#### Data excerpt ####

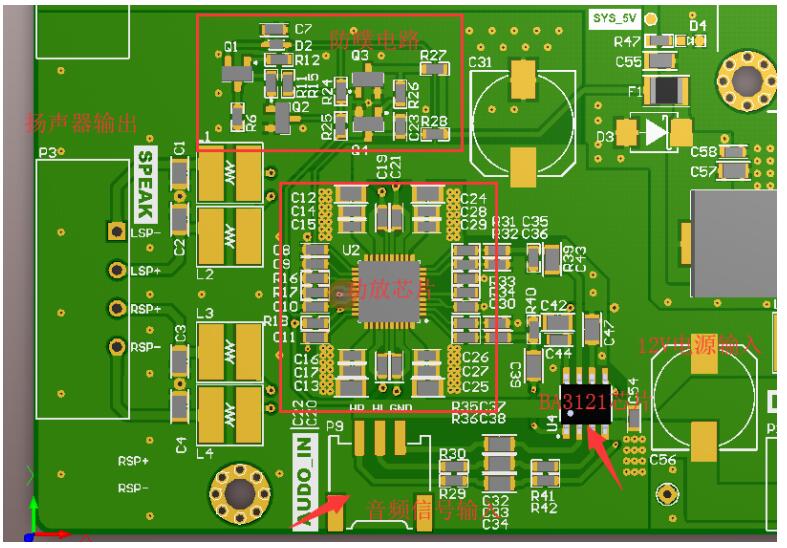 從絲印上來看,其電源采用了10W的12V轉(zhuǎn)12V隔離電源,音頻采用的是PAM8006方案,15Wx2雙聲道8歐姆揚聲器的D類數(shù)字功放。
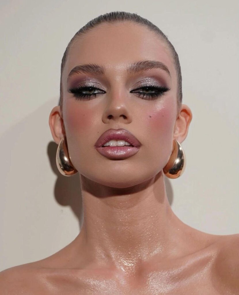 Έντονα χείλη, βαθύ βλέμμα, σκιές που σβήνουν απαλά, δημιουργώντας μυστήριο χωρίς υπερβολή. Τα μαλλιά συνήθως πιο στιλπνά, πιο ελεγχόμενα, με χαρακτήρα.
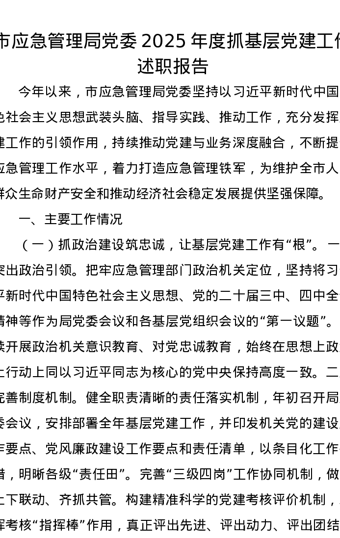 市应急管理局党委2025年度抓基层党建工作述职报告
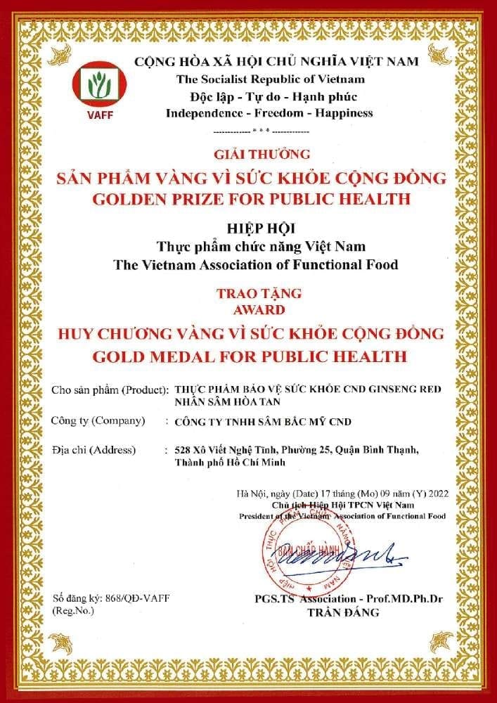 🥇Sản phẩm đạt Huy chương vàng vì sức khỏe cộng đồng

####

- Prompt -
Go through the material and set it down again exactly, but without any pictures.

- Response area -
 從絲印上來看,其電源采用了10W的12V轉(zhuǎn)12V隔離電源,音頻采用的是PAM8006方案,15Wx2雙聲道8歐姆揚聲器的D類數(shù)字功放。
 Έντονα χείλη, βαθύ βλέμμα, σκιές που σβήνουν απαλά, δημιουργώντας μυστήριο χωρίς υπερβολή. Τα μαλλιά συνήθως πιο στιλπνά, πιο ελεγχόμενα, με χαρακτήρα.
 市应急管理局党委2025年度抓基层党建工作述职报告
 🥇Sản phẩm đạt Huy chương vàng vì sức khỏe cộng đồng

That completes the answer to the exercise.